King’s Mill shows how PIFU can be successfully implemented in ophthalmology

  • 04 Apr 2023
  • RCOphth

The Royal College of Ophthalmologists (RCOphth) and the ophthalmology department at King’s Mill district general hospital (DGH) collaborated on a case study detailing how King’s Mill developed its patient initiated follow up (PIFU) offering in general ophthalmology, and the impact it has had on unit capacity and patient outcomes, as part of a wider set of actions.

Ophthalmology is the busiest outpatient specialty and remains under pressure to safely reduce outpatient waiting lists. NHS England has identified PIFU as one way of helping to achieve that goal in its 2022/23 planning guidance, having provided guidance on implementing PIFU and more recently publishing guidance on reducing ‘did not attends’ in outpatient services. RCOphth hopes that this case study will provide useful practical information as you consider implementing a PIFU model in your eye unit. As part of wider efforts to address outpatient backlogs, you may also find helpful our 2020 guidance on prioritising outpatient appointments.

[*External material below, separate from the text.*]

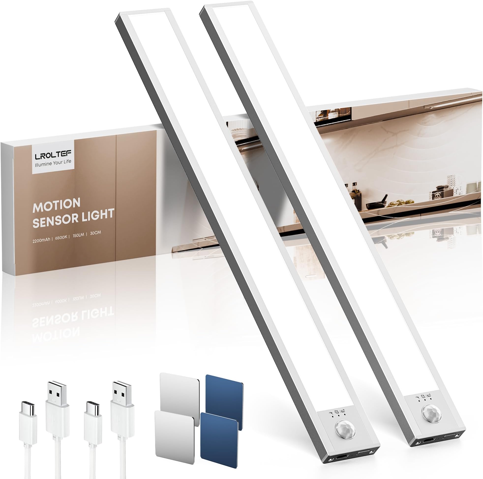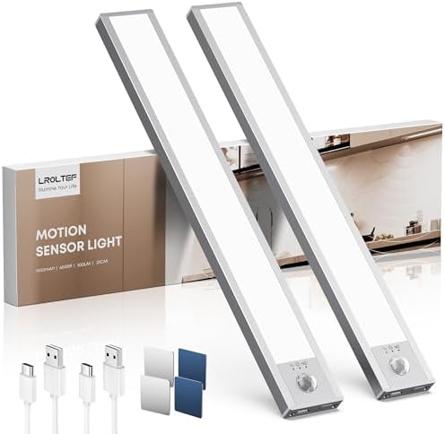 Intelligente Beleuchtung für deine Schränke! Dieses 2er-Set LED-Leuchten mit Bewegungsmelder macht dunkle Ecken endlich hell. Mit 30cm Länge und 3 Farbtemperaturen (3000K Warmweiß, 4000K Naturweiß, 6500K Tageslicht) plus stufenloser Dimmfunktion. Der Bewegungsmelder erkennt Bewegung in 3m Entfernung und schaltet sich nach 20 Sekunden automatisch ab. Mit starkem 2200mAh Akku und USB-C-Anschluss - kabellos und einfach zu installieren. Perfekt für Küchenschränke, Garderoben, Treppen oder Regale. Mit Magneten und Klebepad für flexible Montage. Ladezeit nur 3 Stunden, hält bis zu 3 Monate im Sensormodus!

Structure of King’s Mill ophthalmology PIFU offering

The King’s Mill ophthalmology unit – sitting within a DGH in Nottinghamshire – provides an in-depth look into the challenges and opportunities presented when developing PIFU pathways. We spoke to the clinicians and administrative team involved in the work to understand their experience of setting up ophthalmology PIFU and to explore the structure they implemented.

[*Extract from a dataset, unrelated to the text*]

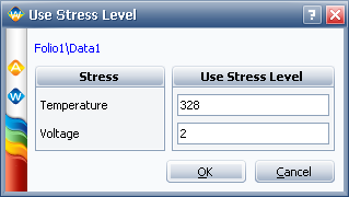 The Stress area of the window lists every stress that will be used in the calculation. In the Use Stress Level area, enter the stress level that the product will experience under normal conditions. For example, to specify that the normal operating temperature for a product is 328 K and the normal operating voltage is 2 V, you would enter the following into the window:

The King’s Mill ophthalmology PIFU offering is structured as follows:

  • Supported triaging – Patients are triaged as usual, before being seen by a clinician who then identifies whether the patient is appropriate to be placed on a PIFU pathway. The clinician can reference the ‘ophthalmology PIFU framework’ – developed by ophthalmologists in the unit – which identifies the eye conditions and associated criteria that must be met for a patient to be placed on a PIFU pathway.
  • Patient consent – A shared decision-making conversation is then held between patient and clinician about their suitability and willingness to sit on a PIFU pathway. If the patient agrees, they are informed about next steps by the clinician, using the ophthalmology PIFU ‘Patient Communication Script’.
  • Effective monitoring – Patients are then placed on a purpose-built patient administration system (PAS) – co-created by clinicians and administrative staff – which monitors the date patients are placed onto PIFU, the date the patient requests an appointment (activation date), and the time between the activation date and the follow-up appointment.

Underpinning this model are four key support factors: strong clinician and patient engagement throughout the process of PIFU development, administrative support in devising a PIFU-specific PAS, clinic capacity in order to have the space to undertake PIFU development work, and adaptation to the unit’s unique requirements taking into account its size, resources, demographic and clinical profile of patients attending the unit, and sub-specialty requirements (in this case general ophthalmology).

PIFU development has supported expanded capacity, with patients and staff feeling empowered

Though the King’s Mill ophthalmology unit has also taken several other steps to reduce outpatient backlogs, since the development of its PIFU offering the unit has reduced its overdue referrals by 80% compared to 2020 levels – from 8,000 in 2020 to 1600 in 2023 – with no referrals more overdue than 13 weeks.

In addition, the unit has saved almost 2,000 outpatient appointments through PIFU, averaging a saving of over 100 appointments per month. These saved appointments are then repurposed allowing clinicians to deal with more complex cases while saving patient time.

“PIFU is helping to better prioritise patient appointments, although it does create more challenging clinics for us as clinicians!” – Consultant ophthalmologist, King’s Mill Hospital

Patients have been happy with the move to PIFU, with the unit having received no complaints and a sense of patients feeling empowered with the extra responsibility while knowing they can be seen at a time of their choosing if they do request an appointment. Feedback from within the unit has been positive too, with clinicians happy to have a more efficient system in place facilitating a higher throughput and allowing them to treat more complex cases.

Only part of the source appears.